─── MATERIAL PROVIDED ───

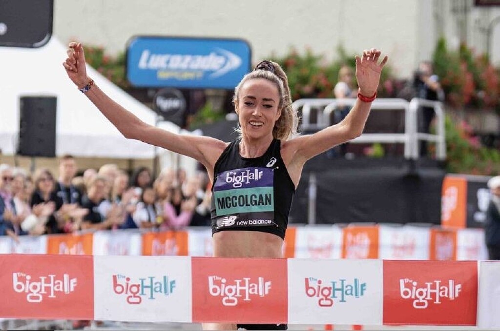 more...Eilish McColgan has done it again. At The Big Half 21.1K in London on Sunday, McColgan determinedly chased down victory in 67 minutes, 34 seconds, knocking over two minutes off of Charlotte Purdue‘s course record of 69 minutes, 51 seconds. McColgan was followed by Purdue in 70:15 and Samantha Harrison in 70:22.
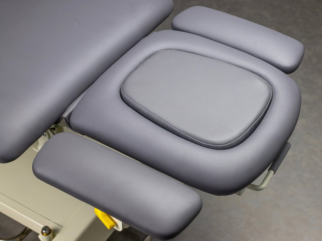 Lehátko je vybavené aj nastaviteľnými podrúčkami a otvorom na tvár. Špeciálne profilovaný vankúš sa dokonale prispôsobí tvári a poskytuje pacientovi maximálny komfort.
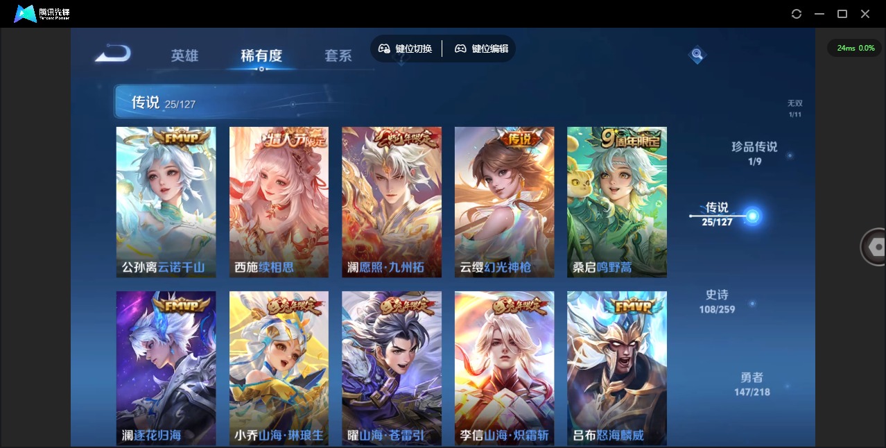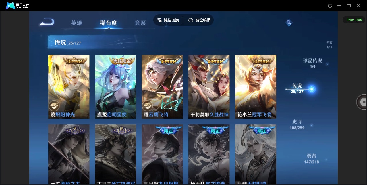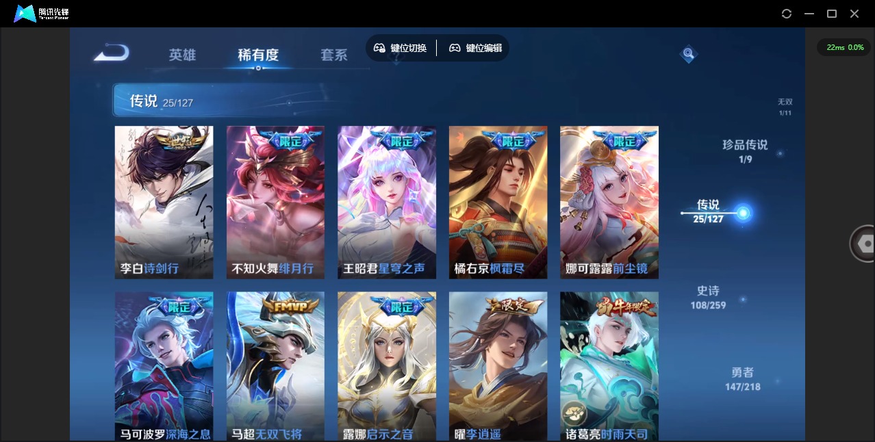 - [12201543]V6 1无双 4传说 114英雄 119皮肤 可修改实名 优质装备:器灵·螭龙剑,久胜战神,地狱火 珍宝阁皮:蔷薇恋人 限定皮:愿照·众生和(妲己年限),逐梦之音,祈雪灵祝(雪兔子),李小龙,猪悟能,引擎之心 史诗皮:器灵·浮梦炉,茶境仙,埋骨钱,蒙犽顽岩魄,决胜骁骑,苍穹之光,千年之狐,偶像歌手,暗夜猫娘,猫狗日记-大乔,水果甜心,德古拉伯爵,幽灵船长,鬼剑武藏,纤云弄巧,繁星吟游(呼啦呼啦),拒霜思,缤纷独角兽,乘风破浪,逐浪之夏,水晶猎龙者,鹰眼统帅,魅力维加斯,未来纪元-赵云
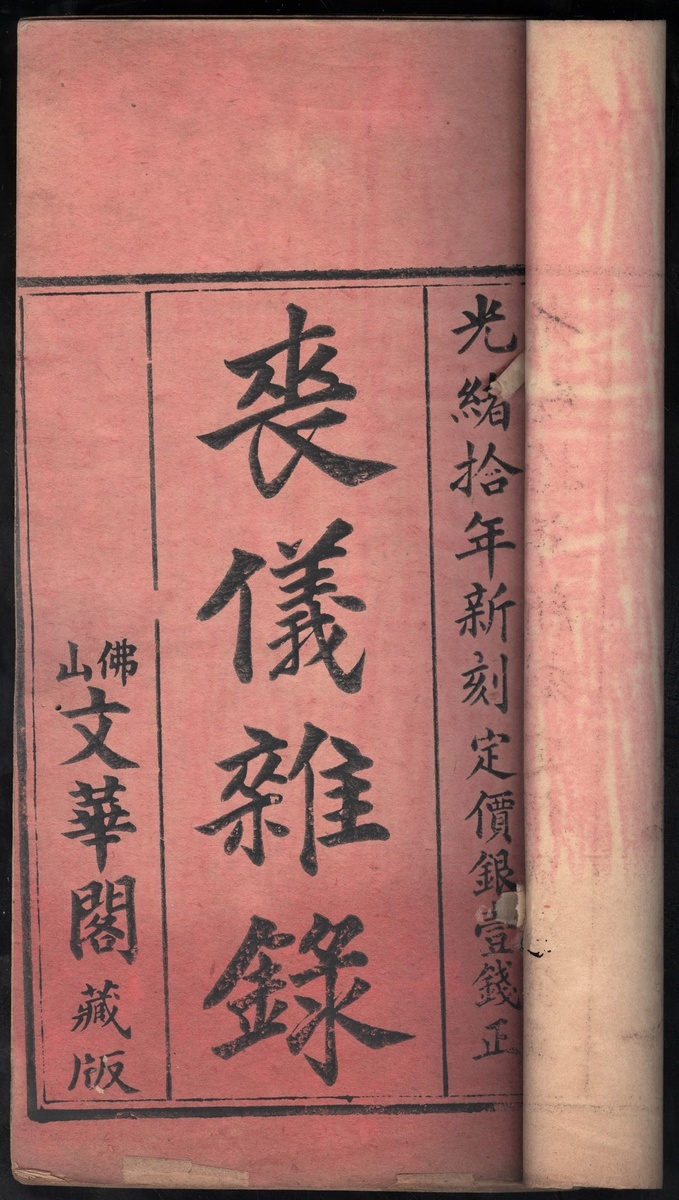 1884年 (光緒十年) 佛山文華閣刊印 "喪儀雜錄" 綫裝本一册, 木版印刷. 品相中上.
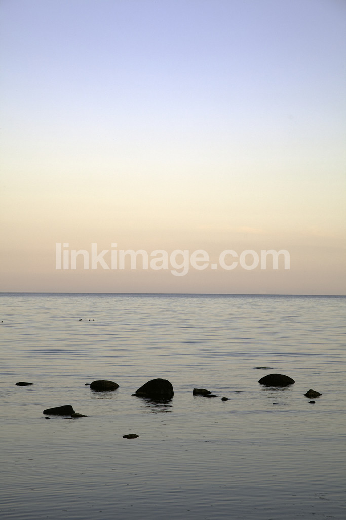gotland, evening, evening light, sea, water, still, stones, light, horizon, silence, nature
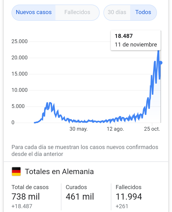 Tampoco es que en Alemania estén como para presumir mucho, porque la segunda ola también les está agectando.Ruttiger escribió: ↑12 Nov 2020 11:03 Mi reciente experiencia en Alemaña es que no solo no se usa nunca al aire libre (en interiores siempre) sino que además tampoco son muy escrupulosos con la distancia social: parques públicos llenos, terrazas, parque infantiles repletos de niños con cuatro progenitores por banco...
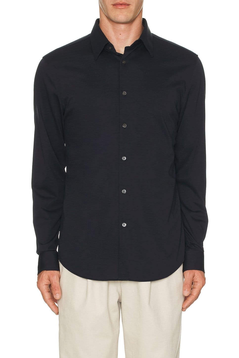 The Revolve Eclipse Black Structure Knit Shirt by Theory is ideal for casual, formal, everyday.
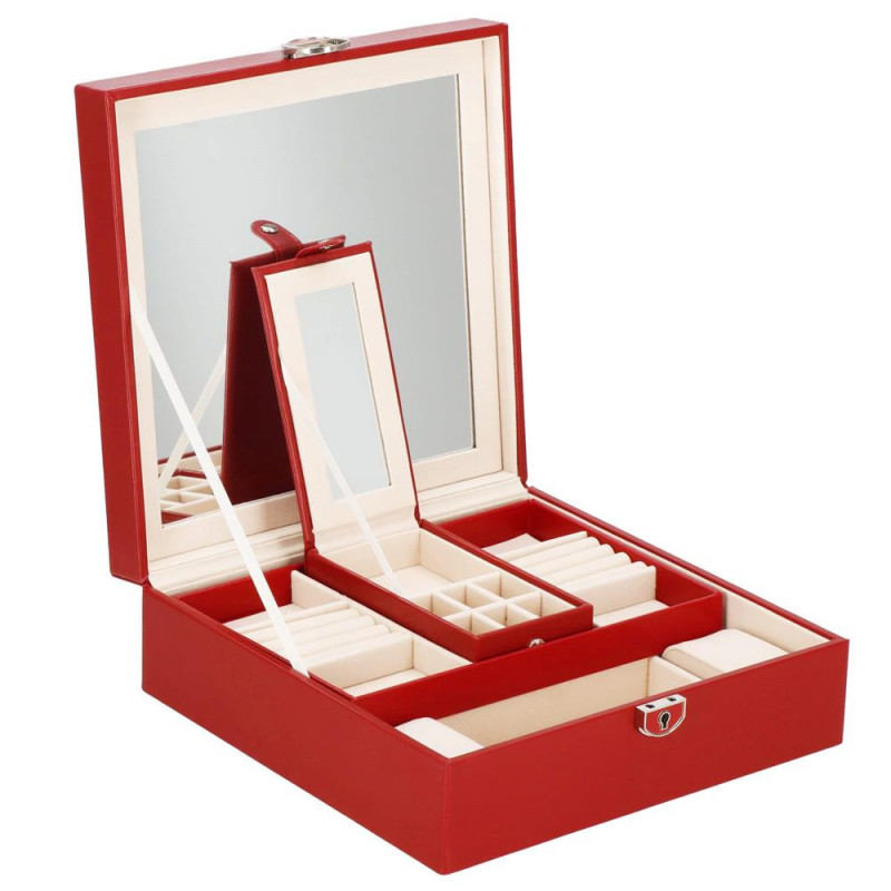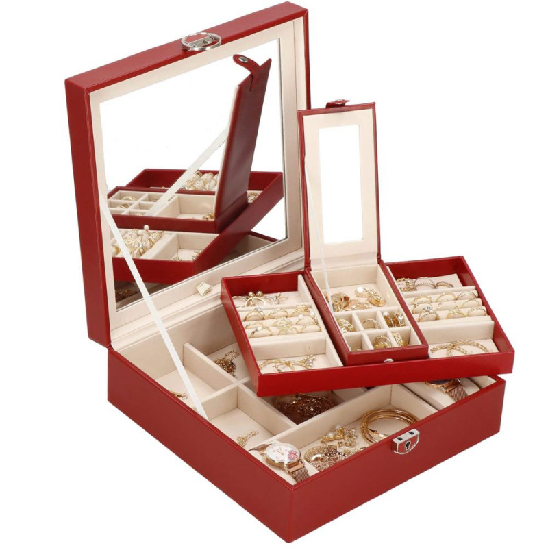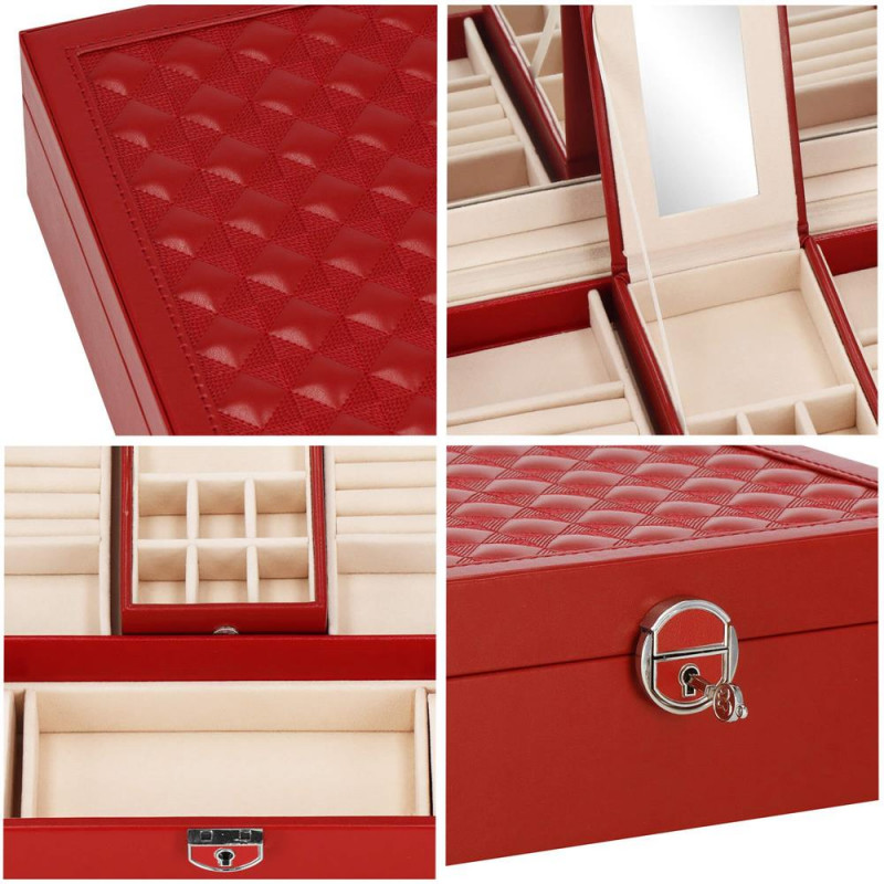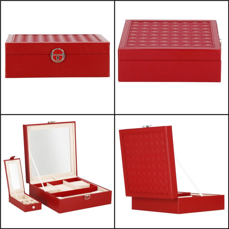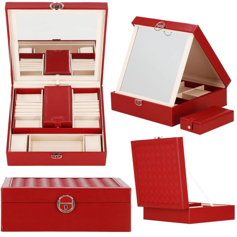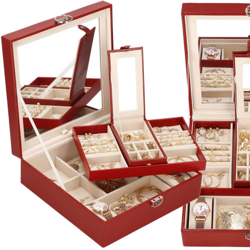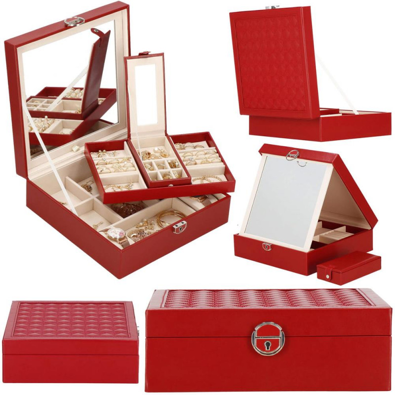 setul include: o cheie pentru a asigura securitatea cutiei Fiecare femeie iubeste bijuteriile. Le poate purta in fiecare zi, la petreceri, la ocazii speciale in doi. Dar unde sa le pastram, astfel incat sa nu se piarda sau sa se incurce? O cutie de bijuterii este o idee grozava pentru depozitarea accesoriilor valoroase! Cu ajutorul ei, totul va fi intotdeauna la locul lui. Cutia de bijuterii va va permite sa va organizati corespunzator locul pentru accesoriile de styling. Isi va gasi locul intr-un dulap, pe o masuta de toaleta sau pe o comoda. Avand toate bijuteriile preferate intr-un singur loc, puteti uita de cautarea unui alt cercel care s-a pierdut pe undeva sau sa desfaci colierul. Atunci cand plecati intr-o calatorie lunga, merita sa va echipati cu un organizator de bijuterii, astfel incat sa nu se piarda nimic atunci cand despachetati. Datorita dimensiunii sale compacte, se va potrivi cu usurinta si in bagajul dumneavoastra.

───

● **TO DO**:
A faithful copy of every entry is needed, omitting each image.

● **WORKED SOLUTION**:
 more...Eilish McColgan has done it again. At The Big Half 21.1K in London on Sunday, McColgan determinedly chased down victory in 67 minutes, 34 seconds, knocking over two minutes off of Charlotte Purdue‘s course record of 69 minutes, 51 seconds. McColgan was followed by Purdue in 70:15 and Samantha Harrison in 70:22.
 Lehátko je vybavené aj nastaviteľnými podrúčkami a otvorom na tvár. Špeciálne profilovaný vankúš sa dokonale prispôsobí tvári a poskytuje pacientovi maximálny komfort.
 - [12201543]V6 1无双 4传说 114英雄 119皮肤 可修改实名 优质装备:器灵·螭龙剑,久胜战神,地狱火 珍宝阁皮:蔷薇恋人 限定皮:愿照·众生和(妲己年限),逐梦之音,祈雪灵祝(雪兔子),李小龙,猪悟能,引擎之心 史诗皮:器灵·浮梦炉,茶境仙,埋骨钱,蒙犽顽岩魄,决胜骁骑,苍穹之光,千年之狐,偶像歌手,暗夜猫娘,猫狗日记-大乔,水果甜心,德古拉伯爵,幽灵船长,鬼剑武藏,纤云弄巧,繁星吟游(呼啦呼啦),拒霜思,缤纷独角兽,乘风破浪,逐浪之夏,水晶猎龙者,鹰眼统帅,魅力维加斯,未来纪元-赵云
 1884年 (光緒十年) 佛山文華閣刊印 "喪儀雜錄" 綫裝本一册, 木版印刷. 品相中上.
gotland, evening, evening light, sea, water, still, stones, light, horizon, silence, nature
 Tampoco es que en Alemania estén como para presumir mucho, porque la segunda ola también les está agectando.Ruttiger escribió: ↑12 Nov 2020 11:03 Mi reciente experiencia en Alemaña es que no solo no se usa nunca al aire libre (en interiores siempre) sino que además tampoco son muy escrupulosos con la distancia social: parques públicos llenos, terrazas, parque infantiles repletos de niños con cuatro progenitores por banco...
 The Revolve Eclipse Black Structure Knit Shirt by Theory is ideal for casual, formal, everyday.
 setul include: o cheie pentru a asigura securitatea cutiei Fiecare femeie iubeste bijuteriile. Le poate purta in fiecare zi, la petreceri, la ocazii speciale in doi. Dar unde sa le pastram, astfel incat sa nu se piarda sau sa se incurce? O cutie de bijuterii este o idee grozava pentru depozitarea accesoriilor valoroase! Cu ajutorul ei, totul va fi intotdeauna la locul lui. Cutia de bijuterii va va permite sa va organizati corespunzator locul pentru accesoriile de styling. Isi va gasi locul intr-un dulap, pe o masuta de toaleta sau pe o comoda. Avand toate bijuteriile preferate intr-un singur loc, puteti uita de cautarea unui alt cercel care s-a pierdut pe undeva sau sa desfaci colierul. Atunci cand plecati intr-o calatorie lunga, merita sa va echipati cu un organizator de bijuterii, astfel incat sa nu se piarda nimic atunci cand despachetati. Datorita dimensiunii sale compacte, se va potrivi cu usurinta si in bagajul dumneavoastra.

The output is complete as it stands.